Answered By : Niel de Beaudrap
Let's consider the more general problem of machines which stop after at most $N$ steps, for some $N \geqslant 1$. (The following is a substantial simplifcation of a previous version of this answer, but is effectively equivalent.)
As swegi remarks in an earlier response, if the machine stops after at most $N$ steps, then only the cells $0,1,\ldots,N-1$ on the tape are significant.
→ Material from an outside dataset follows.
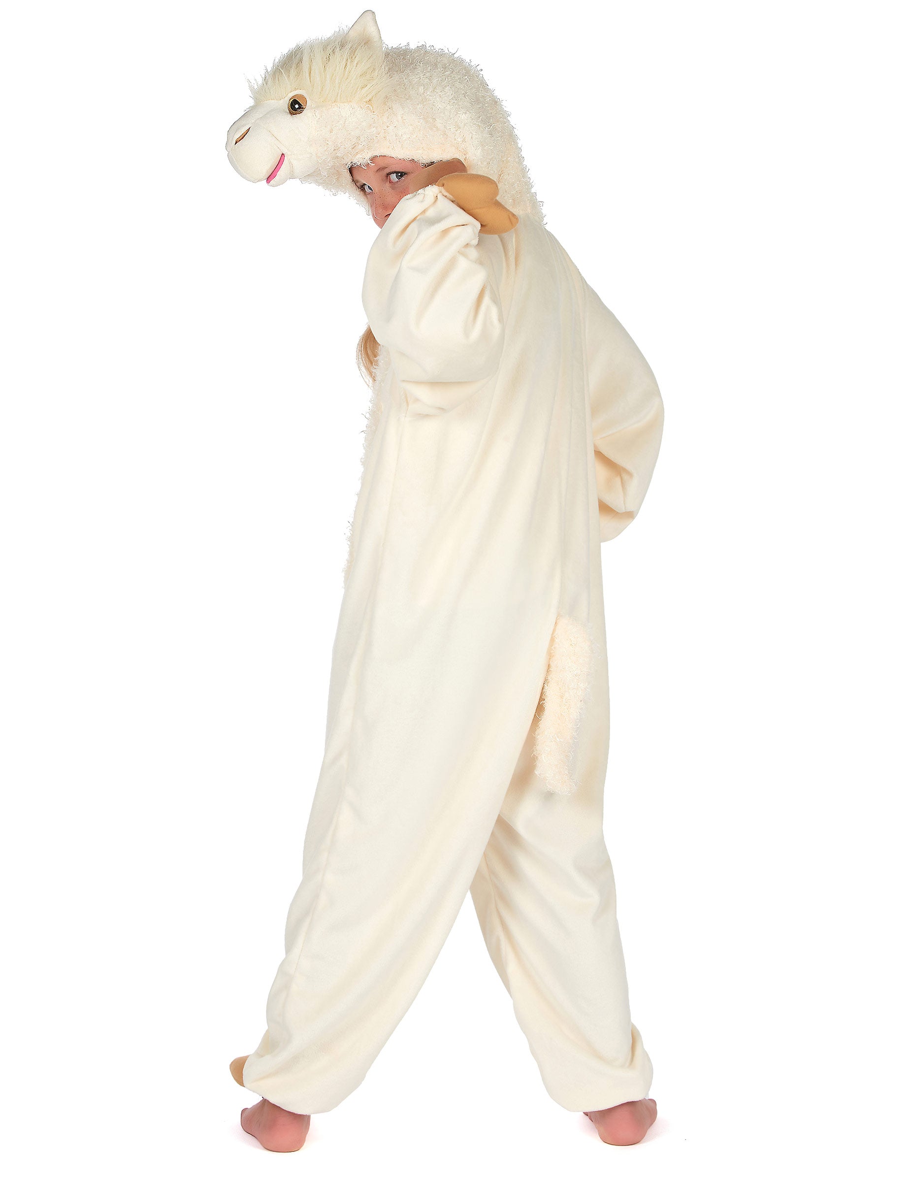 Ez a gyermek lama jelmez egy kapucnis kezeslábast tartalmaz.

Then it suffices to simulate the machine $M$ on all input strings of the form $x \in \Sigma^N$, of which there are a finite number.
- If any of these simulations fail to enter a halting state by the $N^{\text{th}}\:\!$ transition, this indicates that any input string starting with $x$ is one for which the machine does not stop within the first $N$ steps.
- If all of these simulations halt by the $N^{\text{th}}\:\!$ transition, then $M$ halts within $N$ steps on all inputs of any length (of which the substring of length $N$ is all that it ever acts on).
F = { ⟨M⟩ : M is a turing machine which stops on every input in no more than 50 steps }.
I need to decide whether F is decidable or recursive enumerable.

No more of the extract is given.